In 1963, J. Stacy Adams, a workplace and behavioral psychologist, created equity theory and asserted that employees seek to maintain equity between the inputs that they bring to a job and the outcomes that they receive from it and compare these to the perceived inputs and outcomes of others. In simple language,
people expect to get back what they put in and that expectation is influenced by what they see others get back for what they put in.

For employees, inputs can consist of any of the following, ranging from the tangible to the less tangible: time, education, experience, effort, loyalty, hard work, commitment, ability, adaptability, flexibility, tolerance, determination, enthusiasm, personal sacrifice, trust in supervisors, and skill.
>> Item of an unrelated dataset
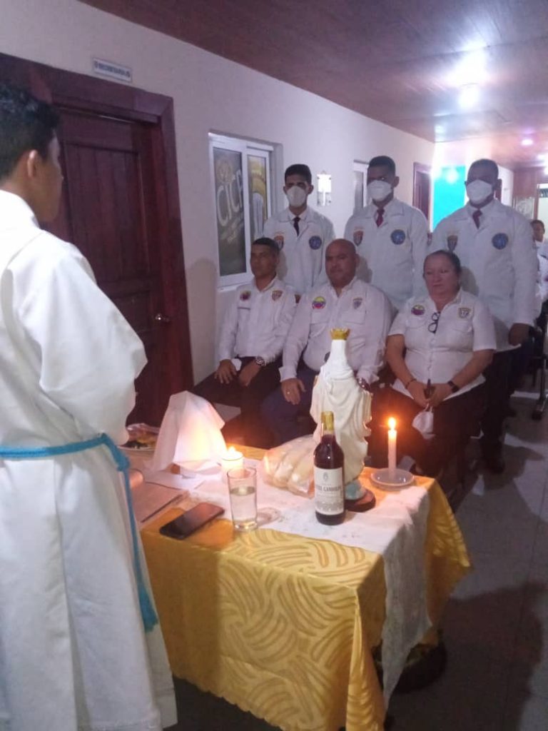 Dentro de las instalaciones de la delegación del Cuerpo de la Policía Científica en Caja Seca, los funcionarios celebraron a primera hora de la mañana una eucarística ofrecida por el párroco de la iglesia católica La Inmaculada, Maikol Peña, quien procedió a dar lectura del santo evangelio y conversar sobre la santa palabra de Dios a los presentes.

On the other side of the equity theory equation, outcomes similarly consist of tangible and less tangible examples: job security, salary, employee benefit, paid expenses, recognition, reputation, responsibility, sense of achievement, praise, thanks, and stimuli. According to Adams, inequity not only impacts those who receive less, but also impacts those who receive more, who in turn, feel a sense of guilt.

Although established in 1963, equity theory has more relevance now as the number of employees who view the workplace as inequitable is growing and those who will voluntarily leave their jobs are estimated to reach 35% by 2023. This will create a financial burden that will be too great to overcome for most. However, for those who innovate and find a way to design equity into the workplace, this represents a potential source of competitive edge.